Mantan presiden dan Presiden Yudhoyono hanya bertemu dan tampak akrab di foto yang dipajang memanjang di sepanjang koridor menuju Istana Merdeka. Foto mereka dipasang dengan senyum dan tawa.
Di ruang kerja Presiden Yudhoyono di Kantor Presiden, foto mereka dipasang bersandingan mengenakan pakaian kebesaran dengan semua tanda jasa. "Alangkah indahnya jika semua pemimpin bersatu," ujar Presiden Yudhoyono.
Dari semua mantan presiden atau keluarganya, hingga tahun keempat pemerintahan Presiden Yudhoyono, hanya mantan Presiden Megawati Soekarnoputri dan keluarganya yang tidak pernah datang memperingati detik-detik proklamasi kemerdekaan.
Keluarga mantan Presiden Soekarno rutin datang. Keluarga mantan Presiden Soeharto datang tahun 2007. Keluarga mantan Presiden BJ Habibie rutin datang, Mantan Presiden KH Abdurrahman Wahid dan keluarganya datang tahun 2006 dan 2008.
Abdurrahman datang bersama Ny Shinta Nuriah yang sama-sama menggunakan kursi roda. Sedan putih bernomor polisi B 1277 HF mengantar keduanya hingga tangga sisi timur Istana Merdeka. Saat datang dan pulang, Abdurrahman dikerumuni para pengagumnya yang hendak mencium tangannya atau sekadar mengambil gambar.

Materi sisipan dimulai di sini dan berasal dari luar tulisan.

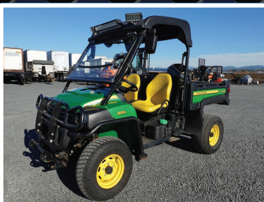
2016 JOHN DEERE 855D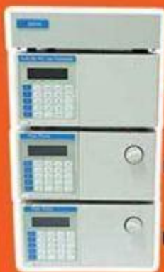
HPLC Liquid Chromatography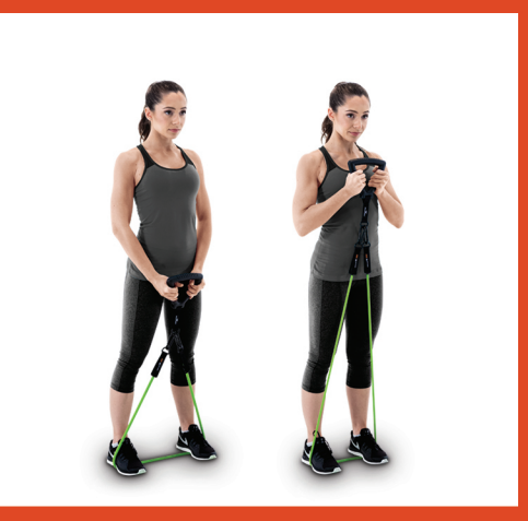
HAMMER CURL GEAR RESISTANCE TUBE & TRI-GRIP HANDLE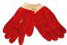
PVC Gloves With Cuff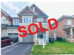
SOLD at 100% Asking in 1 day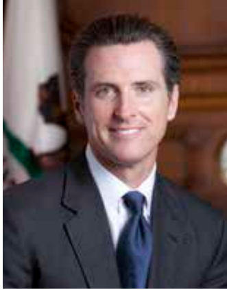
GAVIN NEWSOM Lieutenant Governor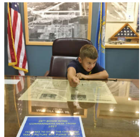
A future commander, no doubt!

This is a supersonic capable and features variable-geometry wings (may be positioned forward or swept aft, depending upon operational mode). The first production unit was flown in 1984. They were designed and configured for nuclear weapons, but under the original START treaty of 2007 were modified to be limited to conventional weapons only. Its maximum takeoff weight is 477,000#, of which 75,000# is payload.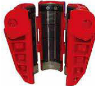
Drill Collar Slips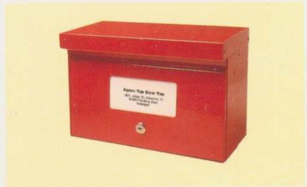
INDIVIDUAL UNIT TYPE : SU 350W x 236H x 170D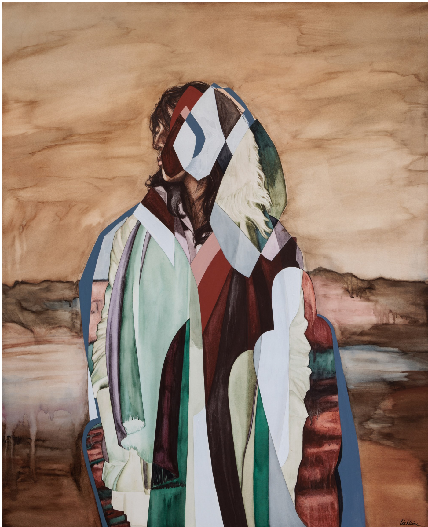
The Water Over the Stone, 2023 Watercolour, gouache + acrylic on paper 153cm x 127cm Framed under Perspex in Tasmanian oak $7000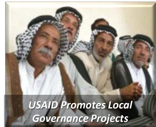
USAID Promotes Local Governance Projects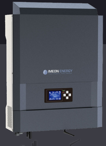
IMEON 3.6 Up to 4kWp Single phase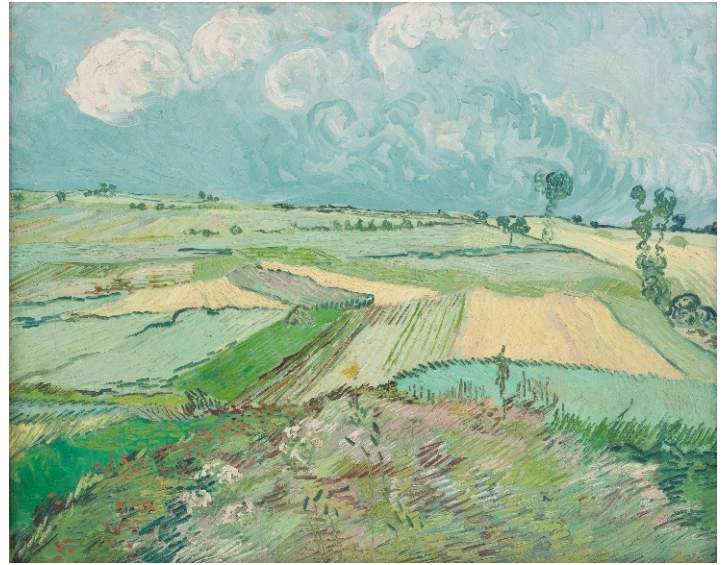
Vincent van Gogh, Wheat Fields after the Rain (The Plain of Auvers) , 1890, Acquired through the generosity of the Sarah Mellon Scaife Family, 68.18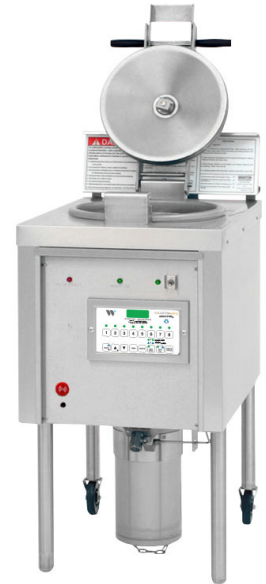
PF46 & PF56 COLLECTRAMATIC® HIGH EFFICIENCY FRYER

Ventilation required. Check local codes.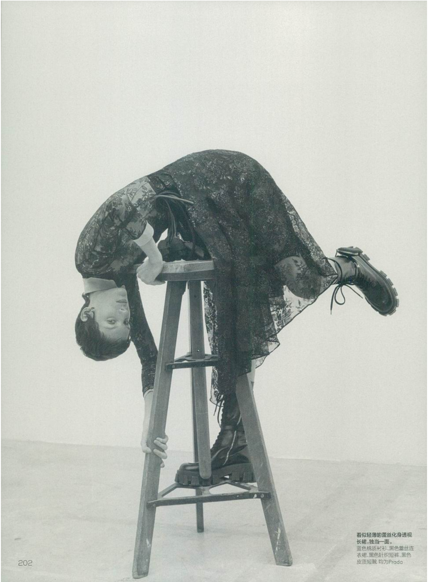
看似轻薄的蕾丝化身透视长裙,独当一面。 蓝色棉质衬衫、黑色蕾丝连衣裙、黑色针织短裤、黑色皮质短靴 均为Prada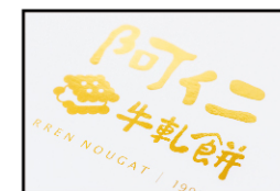
Gold Hot Foil 燙金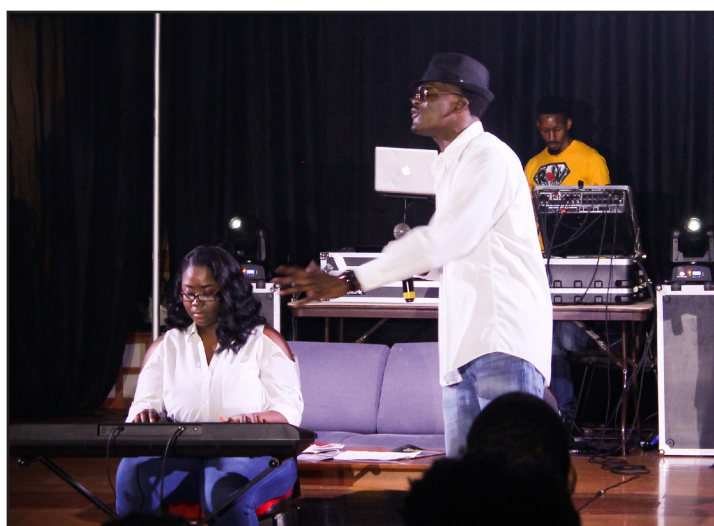
Talented individuals performing their musical numbers.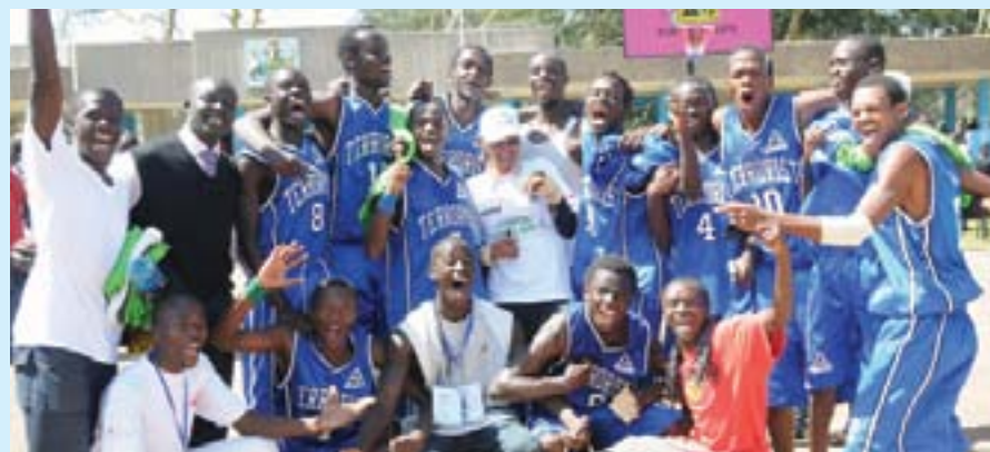
University of Nairobi Basketball Team

"Ini adalah hari kemerdekaan kita. Kita harus membedakan urusan negara dan urusan pribadi," ujarnya sebelum masuk sedan saat ditanya alasannya datang.

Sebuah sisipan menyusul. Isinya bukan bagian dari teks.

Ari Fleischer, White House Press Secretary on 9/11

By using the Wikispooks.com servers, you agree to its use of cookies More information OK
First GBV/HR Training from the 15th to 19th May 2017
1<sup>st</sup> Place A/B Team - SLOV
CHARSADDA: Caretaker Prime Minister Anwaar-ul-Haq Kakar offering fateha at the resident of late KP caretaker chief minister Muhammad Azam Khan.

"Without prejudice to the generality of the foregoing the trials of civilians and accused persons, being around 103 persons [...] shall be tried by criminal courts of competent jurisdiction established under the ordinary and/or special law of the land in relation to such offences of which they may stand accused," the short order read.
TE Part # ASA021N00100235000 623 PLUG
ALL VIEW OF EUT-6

Alasan kedatangan Abdurrahman yang secara politik kerap berseberangan dengan Presiden Yudhoyono ini menyejukkan. Namun, Abdurrahman juga tidak menyalahkan mantan presiden atau anggota keluarganya yang tidak datang. Abdurrahman memahami kesibukan masing-masing orang.
Di tengah perayaan kemerdekaan, selain Abdurrahman ada juga tamu istimewa lainnya. Tamu istimewa itu antara lain adalah Nada Lutfiyyah dari Banda Aceh dan Maggie Hamilton dari Michigan, Amerika Serikat. Dua anak putri berusia 11 tahun yang berinteraksi karena tsunami dipertemukan secara fisik di Istana Merdeka.

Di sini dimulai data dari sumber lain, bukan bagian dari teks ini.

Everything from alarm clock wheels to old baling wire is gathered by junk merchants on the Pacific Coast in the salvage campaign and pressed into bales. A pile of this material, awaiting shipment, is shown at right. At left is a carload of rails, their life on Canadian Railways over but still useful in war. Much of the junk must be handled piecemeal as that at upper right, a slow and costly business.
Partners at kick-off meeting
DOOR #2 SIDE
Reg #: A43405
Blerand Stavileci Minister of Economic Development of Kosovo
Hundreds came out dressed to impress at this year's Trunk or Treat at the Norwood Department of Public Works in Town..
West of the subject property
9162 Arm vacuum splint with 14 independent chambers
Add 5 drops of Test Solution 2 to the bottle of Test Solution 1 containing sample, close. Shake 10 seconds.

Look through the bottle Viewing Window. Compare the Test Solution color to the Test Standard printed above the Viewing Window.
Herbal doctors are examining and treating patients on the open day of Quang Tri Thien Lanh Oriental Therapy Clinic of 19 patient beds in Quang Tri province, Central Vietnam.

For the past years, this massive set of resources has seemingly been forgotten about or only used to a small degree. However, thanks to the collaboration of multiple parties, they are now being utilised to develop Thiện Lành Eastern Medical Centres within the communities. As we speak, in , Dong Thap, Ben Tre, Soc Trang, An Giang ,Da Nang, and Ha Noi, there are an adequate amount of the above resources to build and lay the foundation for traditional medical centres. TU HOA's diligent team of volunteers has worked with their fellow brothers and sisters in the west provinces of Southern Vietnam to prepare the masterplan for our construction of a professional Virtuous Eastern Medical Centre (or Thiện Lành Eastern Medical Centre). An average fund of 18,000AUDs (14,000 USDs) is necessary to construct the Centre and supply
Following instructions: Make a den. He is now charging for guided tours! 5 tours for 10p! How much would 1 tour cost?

Nada yang kehilangan ibu, ayah, dan sejumlah besar keluarganya karena tsunami didampingi kakak dan pamannya. Maggie didampingi kedua orang tuanya. Keduanya datang memenuhi undangan Presiden Yudhoyono yang menjadi kurir surat interaksi keduanya.
Sejumlah tamu istimewa memang tidak datang meskipun setiap tahun diundang. Namun, semangat Presiden Yudhoyono tidak berkurang. Terlebih di HUT kemerdekaan RI ke-63, tamu istemewa telah dianugerahkan. Cucu pertama perempuan anak pasangan Agus Harimurti Yudhoyono dan Anisa Pohan telah dilahirkan di Rumah Sakit Pondok Indah, Jakarta.
"Kami sangat bersyukur karena apa yang kami terima lebih meningkatkan semangat kami sekeluarga untuk melanjutkan tugas di negeri ini sampai masa akhir bakti saya, insya Allah tahun depan," ujarnya.